The range of songwriting, from touching to throwaway, gives the show scope to build into a rounded shape, but the crescendo of a blistering finish never really arrives. The group remaining unmoved by requests for fan favourite Hard To Live In The City, instead opting for another new song. This is Albert's only UK date so far to promote his album and it's understandable. It also fits, not allowing for a show-stopping finale or other indulgences. With a solid collection of songs, top level musicianship and, well, a Stroke, there's no need to overplay anything. The set simply glides down before the band slips off and the crowd drifts out, thoroughly satisfied, but still in no doubt as to who Julian is.

Thursday 9 October 2008

Bloc Party - Live


Bloc Party
Kentish Town Forum
Tuesday 30th September 2008-10-03


There are few less enjoyable ways to start a gig than being told by a host to scream as loud as you can, because Keane's fans were loud the previous night and it would be very uncool to be quieter. There are also a minute number of propositions more annoying than being told by giant advertising screens to tune into a radio station to relive the show you have yet to live. Yet this is how Bloc Party enter the stage. From then on, the only infuriating thing is how fast the time passes.
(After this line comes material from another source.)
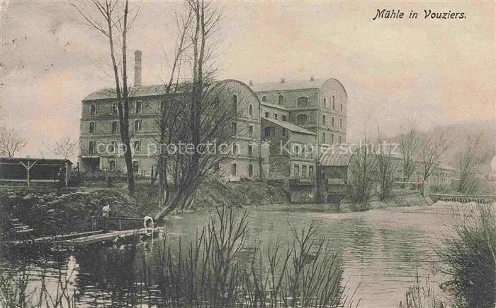 alte Postkarte VOUZIERS Aisne 08 Ardennes Partie am Fluss Muehle postalisch gelaufen Feldpostexpedition (Stempel) Erhaltung siehe scans [FriedD77]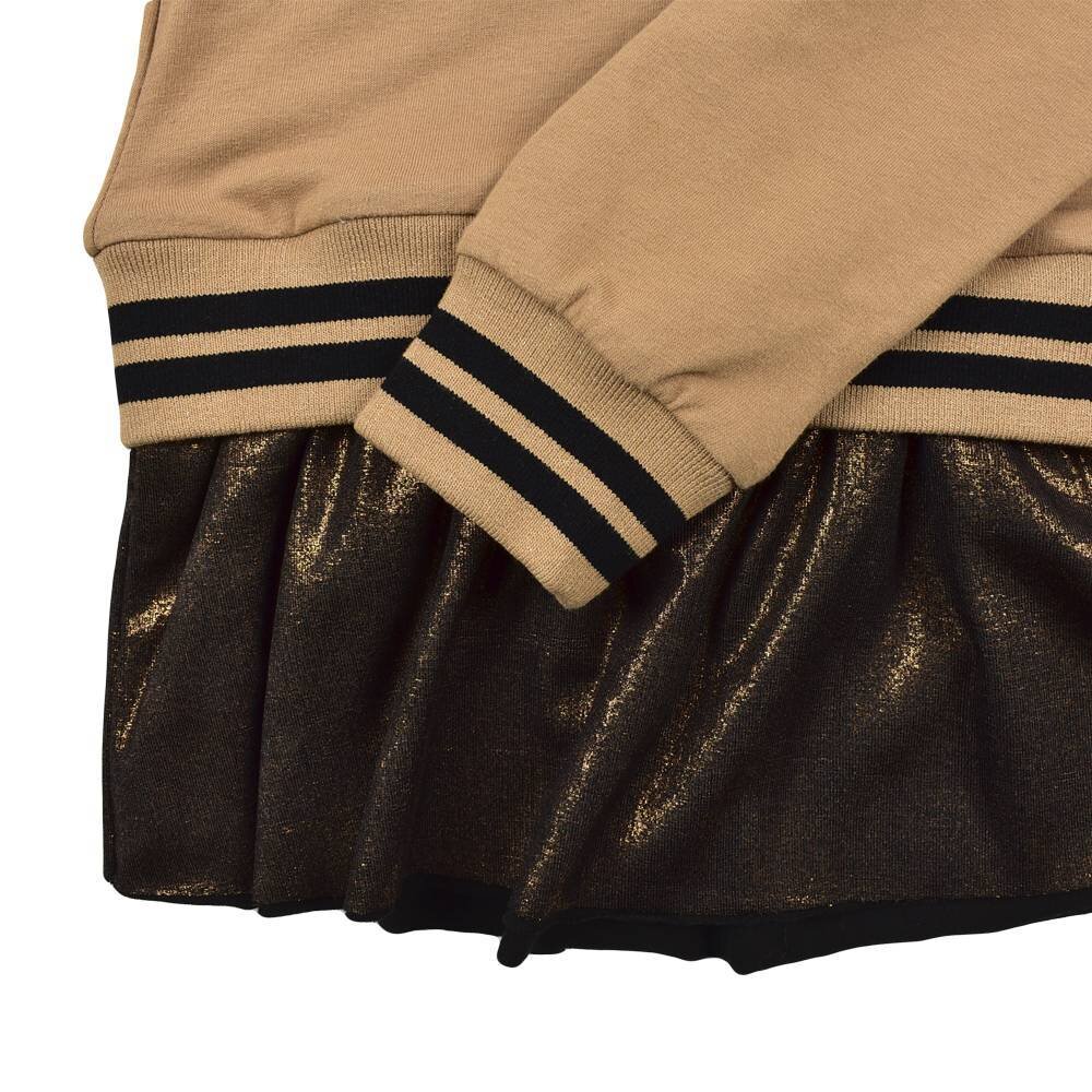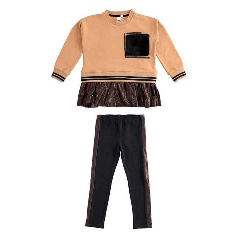 • Симпатичный костюм от IDO состоит из двух деталей: туники и леггинсов из плотного трикотажного хлопка. Туника декорирована карманом из искусственного меха и воланом внизу. Манжеты на рукавах и низ - двойная полосатая трикотажная резинка. Леггинсы с поясом на талии с внутренней резинкой. По бокам леггинсы украшает цветная полоска, которая сочетается с воланом. Состав туники  - 95% хлопок, 5% эластан, леггинсов - 93% хлопок, 7% эластан. Детская одежда бренда iDO - это высокое европейское качество и лучшие модные тренды.

Before there's really chance to settle down, it's over. Two encores, one extremely long and another tremendously memorable, sail past. It's all in the timing. The band have, unlike on their last two albums, captured the live knack of structuring a set so that it never settles on a theme or a mood other than progression. This is done through specifics, such as playing new track/old track/older track, but is more noticeable in the subtleties of numbers. Song For Clay has been twisted into a behemoth of an anthem, Kele revelling in having it's bookish intro boomed back at him, before an ear-singeing riff finds itself in unaccustomed surroundings, having been crafted with stadiums in mind. But before its resonance can settle, it revolves into Banquet, a frenzy of clashing simplicity that makes up for lack of freshness through sheer tactless immediacy.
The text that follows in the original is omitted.